The best-known mill on Shellpot Creek was, undoubtedly, Henry Webster's Grist Mill, built of local field stone three stories high, plus probably a basement. It was erected sometime between 1772, when Henry Webster began buying land in the area, and 1790, when he acquired land for his headrace. The present-day location of the mill was in the woods behind the New City Church, at the south end of Hawthorn Drive. It's unlikely that much remains of it today. The millpond was upstream, just below where Turkey Run flows into Shellpot Creek, and the mill's tailrace flowed into Matson Run, which then quickly flowed into Shellpot Creek.

This 4 bedroom, stone home was built for Henry Webster and his Swedish wife, Sarah Stedham, probably in the 1770s-80s. The first-floor joists, in the basement, are round logs, only flat on the top side - Google Earth

Henry Webster sold the mill to his son, George, in 1802. A suspicious fire gutted the mill in 1858 (it seems there’s always a fire in the history of these old mills) and destroyed new machinery. It was rebuilt and the property remained in the Webster family until the 1890s, when John Webster sold it for the site of the Shellpot Amusement Park.

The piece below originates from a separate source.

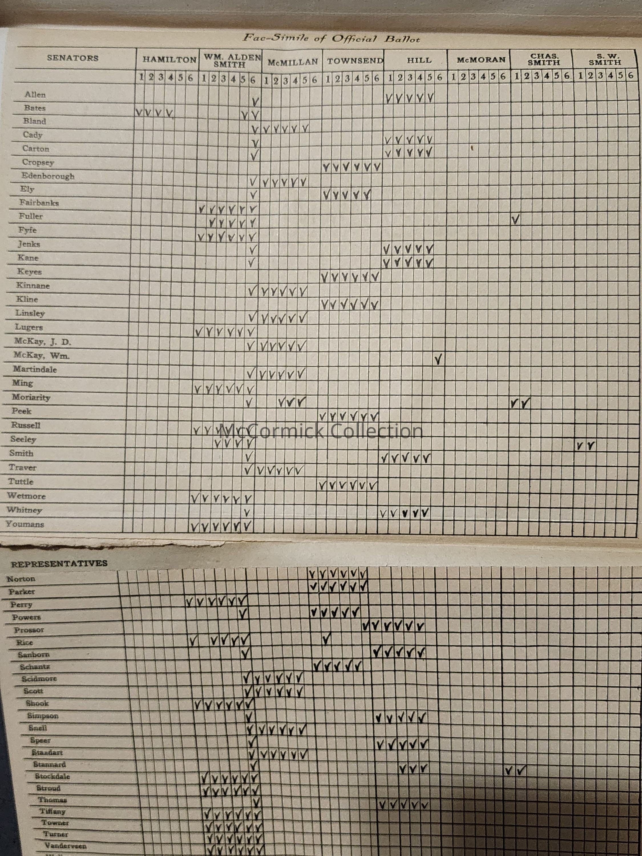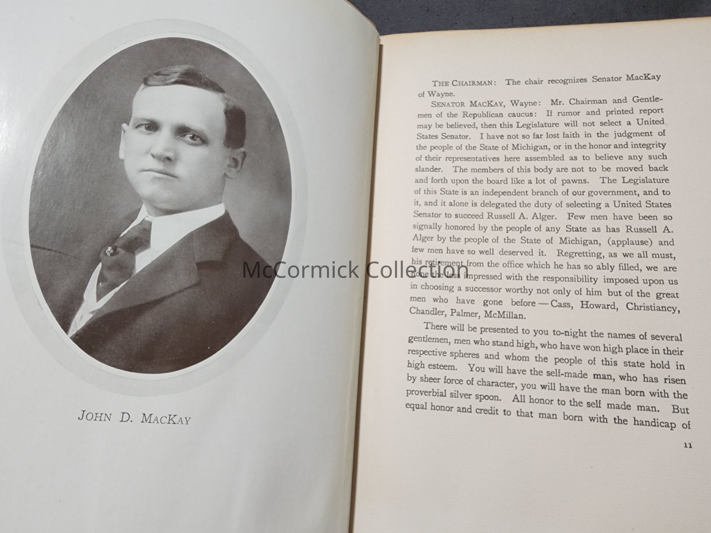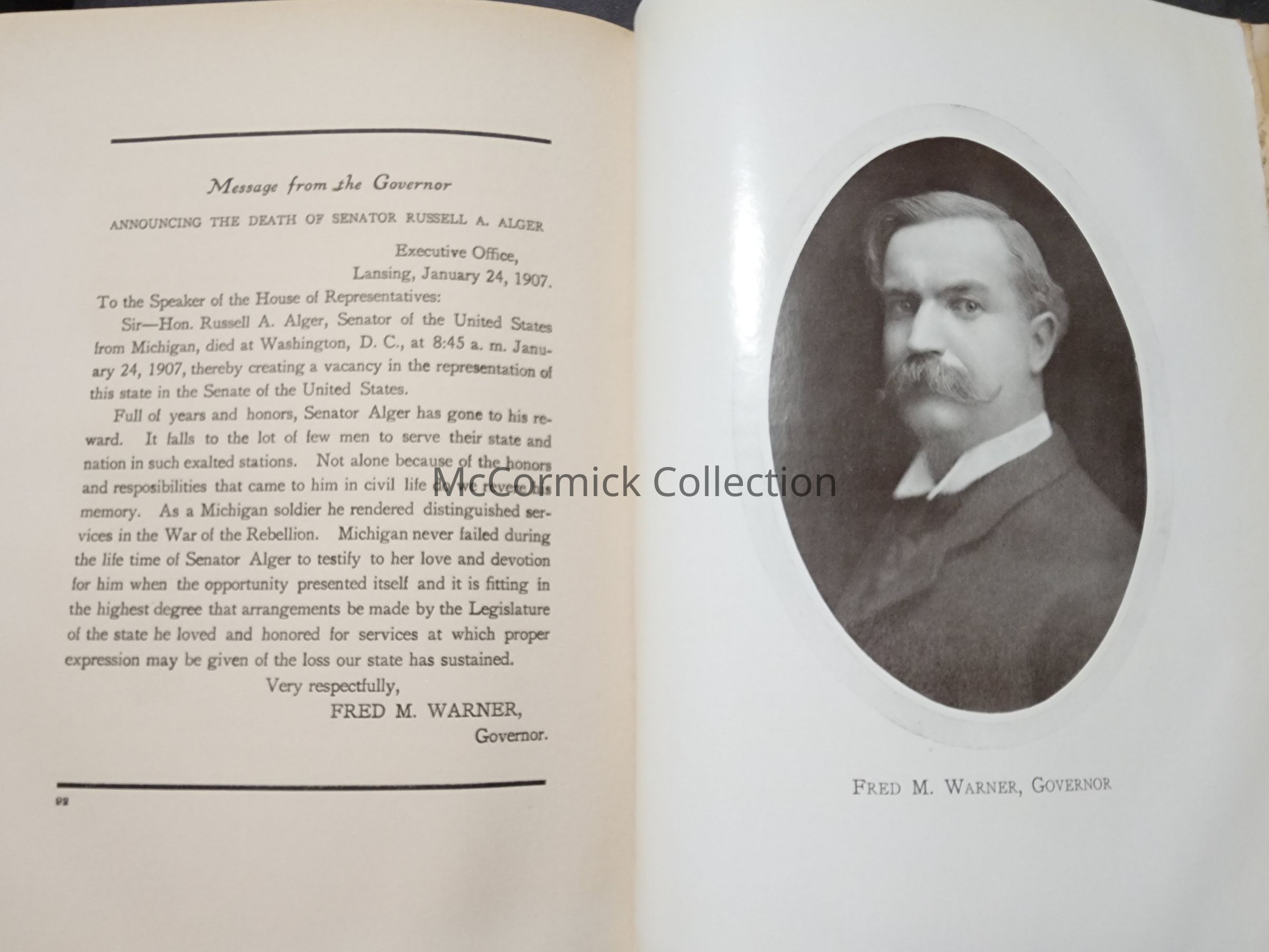 The published proceedings of the 1907 session to nominate a United States Senator from Michigan by the state legislature in Lansing. The State and U.S. Capitols are pictured on the cover.

Old Webster Mill at Shellpot Park, 1890s - Delaware Public Archives

Upper end of Webster's Mill

The News Journal - July 17th, 1899

Shellpot Mill, 1904 - Robert Shaw Etching - Delaware Art Museum

The Shellpot Park had been built by the Wilmington City Railway Company to encourage people to take the 5¢ trolley ride out of town (seven tickets for a quarter). Once there, the admission to the park was free, a further enticement for families to take the ride. The park operated for forty-one years, between 1893 and 1934, and the mill building continued to stand, turned into a Teahouse. Other attractions were added over the years, including a huge swimming pool (top, right, below) that was added in 1924 at a cost of $200,000, and the roller coaster, added in 1925.

Shellpot Park, sometime after 1925. The old millpond is in the top left corner.
Shellpot Park location today. Lea Blvd on the left, Philadelphia Pike (Rt-13) heading off to the right. The yellow building icon is the mill location. White lines indicate Shellpot Creek, Matson Run and further up, Turtle Run.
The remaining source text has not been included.